▶ [What the task requires]:
Output exactly, in the material below, the lines from the one with "Gör din alldeles" through the one with "2025年1月13日下午,G". Omit all pictures.

[[ Extracted records open ]]

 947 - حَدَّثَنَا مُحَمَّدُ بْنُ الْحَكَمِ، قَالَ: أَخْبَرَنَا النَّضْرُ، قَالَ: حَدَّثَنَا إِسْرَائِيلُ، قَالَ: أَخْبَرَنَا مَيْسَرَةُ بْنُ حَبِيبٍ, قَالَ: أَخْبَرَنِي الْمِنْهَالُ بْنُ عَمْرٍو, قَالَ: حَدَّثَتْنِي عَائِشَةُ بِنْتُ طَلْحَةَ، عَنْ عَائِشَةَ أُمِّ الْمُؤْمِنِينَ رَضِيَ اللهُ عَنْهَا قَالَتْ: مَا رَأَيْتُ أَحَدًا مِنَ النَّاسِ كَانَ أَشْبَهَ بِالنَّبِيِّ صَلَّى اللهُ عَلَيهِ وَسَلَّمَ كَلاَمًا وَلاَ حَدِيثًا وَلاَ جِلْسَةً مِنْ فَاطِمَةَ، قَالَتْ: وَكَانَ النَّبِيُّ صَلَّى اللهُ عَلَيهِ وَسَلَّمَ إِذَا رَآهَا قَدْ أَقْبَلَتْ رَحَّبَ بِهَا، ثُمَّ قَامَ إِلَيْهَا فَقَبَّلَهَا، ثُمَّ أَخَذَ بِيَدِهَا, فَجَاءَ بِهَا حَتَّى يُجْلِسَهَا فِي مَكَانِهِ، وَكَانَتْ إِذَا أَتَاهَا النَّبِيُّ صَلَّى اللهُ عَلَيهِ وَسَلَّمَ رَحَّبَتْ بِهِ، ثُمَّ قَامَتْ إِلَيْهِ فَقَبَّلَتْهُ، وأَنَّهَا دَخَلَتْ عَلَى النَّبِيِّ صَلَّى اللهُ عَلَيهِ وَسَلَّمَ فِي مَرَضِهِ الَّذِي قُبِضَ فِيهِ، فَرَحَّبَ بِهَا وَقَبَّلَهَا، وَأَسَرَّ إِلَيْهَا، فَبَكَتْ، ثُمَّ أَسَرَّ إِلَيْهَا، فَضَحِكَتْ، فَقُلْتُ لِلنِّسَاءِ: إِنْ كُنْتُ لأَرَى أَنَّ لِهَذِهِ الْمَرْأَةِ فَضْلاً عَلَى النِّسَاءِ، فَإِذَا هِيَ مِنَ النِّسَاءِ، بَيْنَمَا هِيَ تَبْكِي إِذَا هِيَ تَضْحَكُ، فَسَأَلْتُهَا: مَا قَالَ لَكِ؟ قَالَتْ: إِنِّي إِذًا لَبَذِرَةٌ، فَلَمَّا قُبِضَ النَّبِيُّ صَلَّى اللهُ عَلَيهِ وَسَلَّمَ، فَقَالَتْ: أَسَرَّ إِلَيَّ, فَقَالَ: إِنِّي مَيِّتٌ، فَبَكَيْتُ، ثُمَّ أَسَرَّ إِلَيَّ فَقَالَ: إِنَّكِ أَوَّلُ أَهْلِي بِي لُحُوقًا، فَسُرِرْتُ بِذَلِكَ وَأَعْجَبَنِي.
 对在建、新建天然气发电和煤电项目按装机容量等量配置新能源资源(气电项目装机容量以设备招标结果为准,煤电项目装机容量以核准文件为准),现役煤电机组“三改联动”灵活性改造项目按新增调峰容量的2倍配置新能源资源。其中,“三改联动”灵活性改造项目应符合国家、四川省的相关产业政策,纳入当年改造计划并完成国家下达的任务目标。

[[ Extracted records closed ]]
[[ Extracted records open ]]

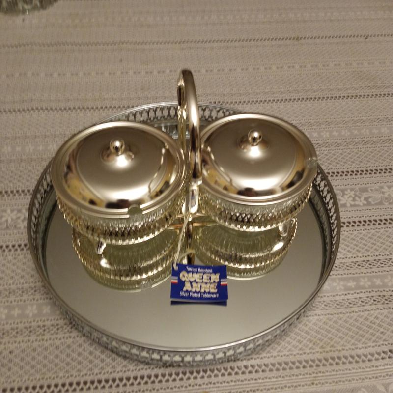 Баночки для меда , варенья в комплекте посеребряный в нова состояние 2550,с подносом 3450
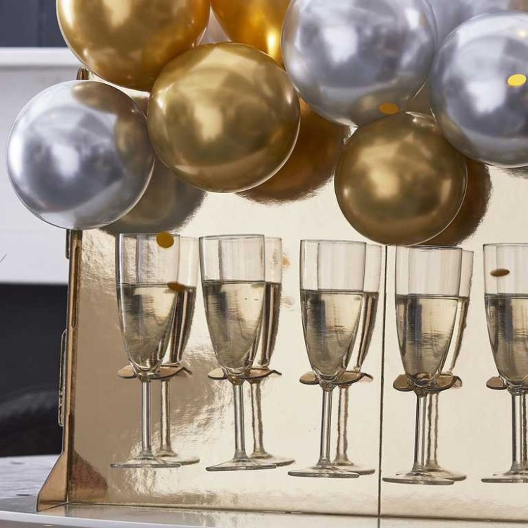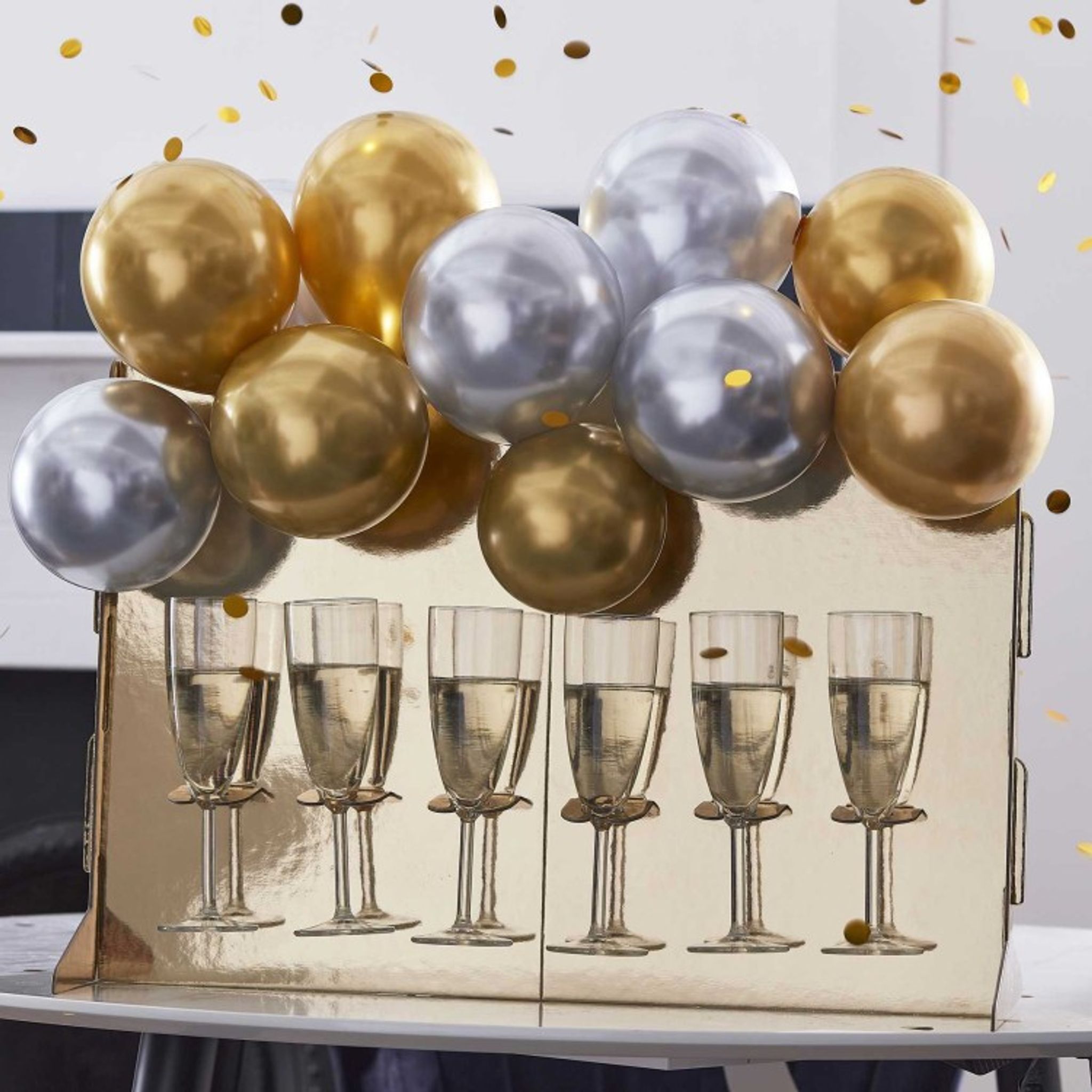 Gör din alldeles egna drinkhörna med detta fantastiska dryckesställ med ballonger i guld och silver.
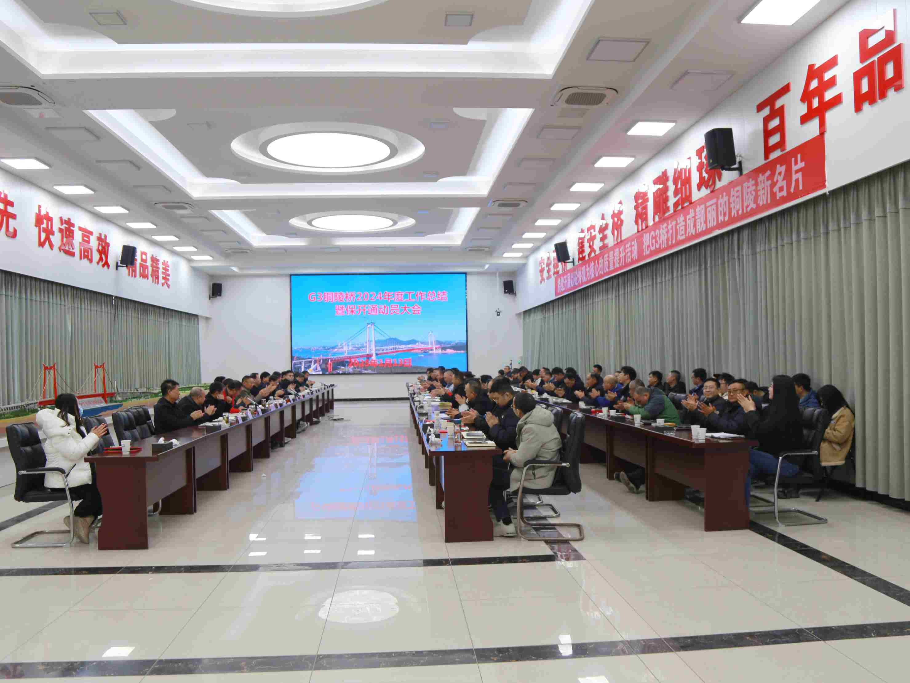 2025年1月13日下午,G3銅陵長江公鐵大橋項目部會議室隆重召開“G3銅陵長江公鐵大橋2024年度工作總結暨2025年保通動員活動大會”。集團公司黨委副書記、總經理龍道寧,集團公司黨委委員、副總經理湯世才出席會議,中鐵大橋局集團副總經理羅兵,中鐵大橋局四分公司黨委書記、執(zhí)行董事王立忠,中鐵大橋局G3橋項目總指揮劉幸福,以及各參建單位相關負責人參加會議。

[[ Extracted records closed ]]

▶ [Finished exercise]:
 Gör din alldeles egna drinkhörna med detta fantastiska dryckesställ med ballonger i guld och silver.
 2025年1月13日下午,G3銅陵長江公鐵大橋項目部會議室隆重召開“G3銅陵長江公鐵大橋2024年度工作總結暨2025年保通動員活動大會”。集團公司黨委副書記、總經理龍道寧,集團公司黨委委員、副總經理湯世才出席會議,中鐵大橋局集團副總經理羅兵,中鐵大橋局四分公司黨委書記、執(zhí)行董事王立忠,中鐵大橋局G3橋項目總指揮劉幸福,以及各參建單位相關負責人參加會議。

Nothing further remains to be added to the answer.